Repeat the data word for word, excluding every picture.

• _RECORDED DATA_
---------------
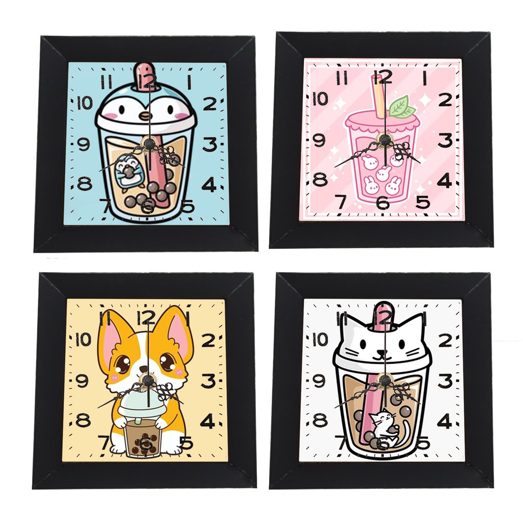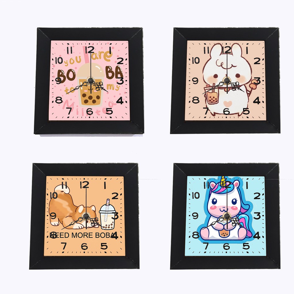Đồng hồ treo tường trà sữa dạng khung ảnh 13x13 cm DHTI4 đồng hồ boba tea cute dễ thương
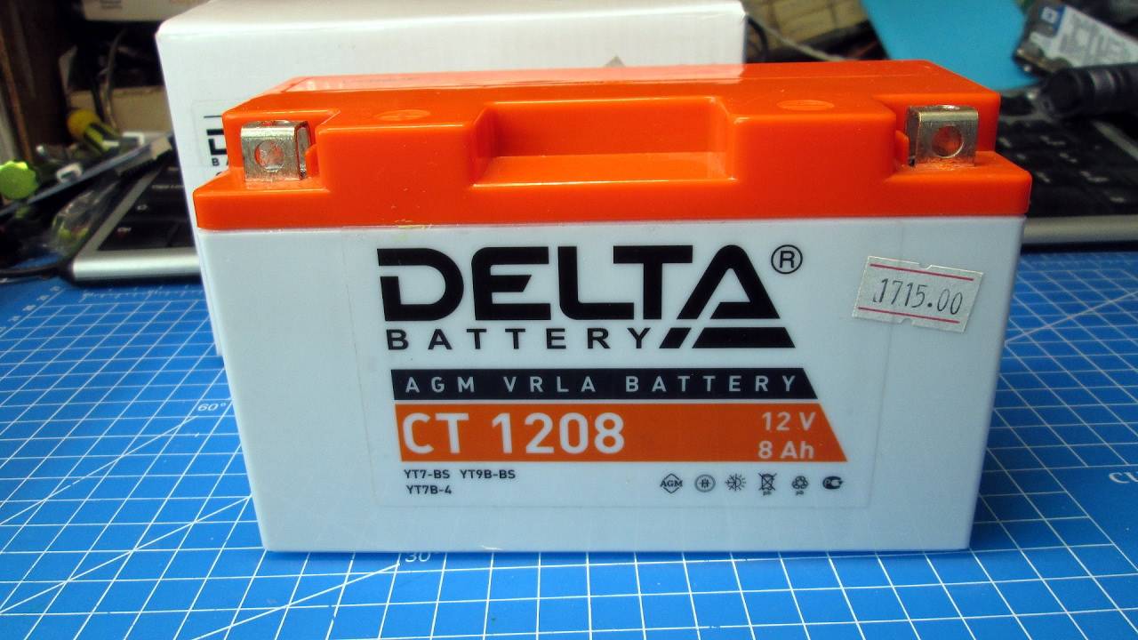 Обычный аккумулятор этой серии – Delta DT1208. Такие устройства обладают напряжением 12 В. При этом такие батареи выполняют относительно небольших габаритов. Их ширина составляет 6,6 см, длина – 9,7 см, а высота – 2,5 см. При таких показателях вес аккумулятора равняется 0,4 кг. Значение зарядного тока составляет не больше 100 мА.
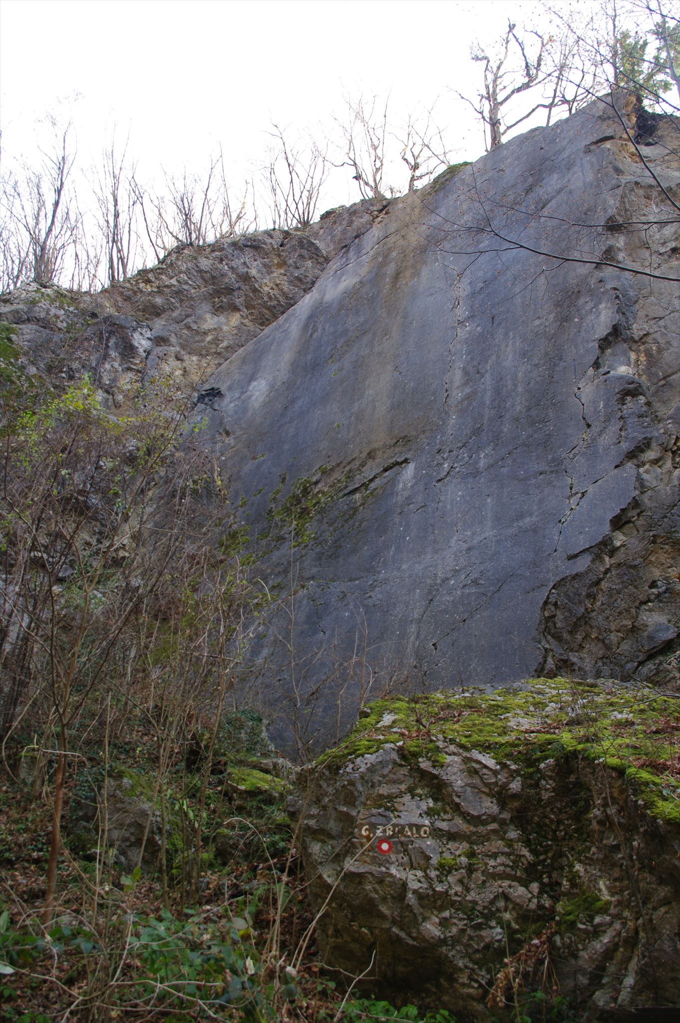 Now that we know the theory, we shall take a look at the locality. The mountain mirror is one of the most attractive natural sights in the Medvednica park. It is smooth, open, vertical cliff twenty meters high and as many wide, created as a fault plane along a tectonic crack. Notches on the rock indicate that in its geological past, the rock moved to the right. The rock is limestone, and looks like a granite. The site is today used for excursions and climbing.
---------------
• _EXERCISE RESULT_
Đồng hồ treo tường trà sữa dạng khung ảnh 13x13 cm DHTI4 đồng hồ boba tea cute dễ thương
 Обычный аккумулятор этой серии – Delta DT1208. Такие устройства обладают напряжением 12 В. При этом такие батареи выполняют относительно небольших габаритов. Их ширина составляет 6,6 см, длина – 9,7 см, а высота – 2,5 см. При таких показателях вес аккумулятора равняется 0,4 кг. Значение зарядного тока составляет не больше 100 мА.
 Now that we know the theory, we shall take a look at the locality. The mountain mirror is one of the most attractive natural sights in the Medvednica park. It is smooth, open, vertical cliff twenty meters high and as many wide, created as a fault plane along a tectonic crack. Notches on the rock indicate that in its geological past, the rock moved to the right. The rock is limestone, and looks like a granite. The site is today used for excursions and climbing.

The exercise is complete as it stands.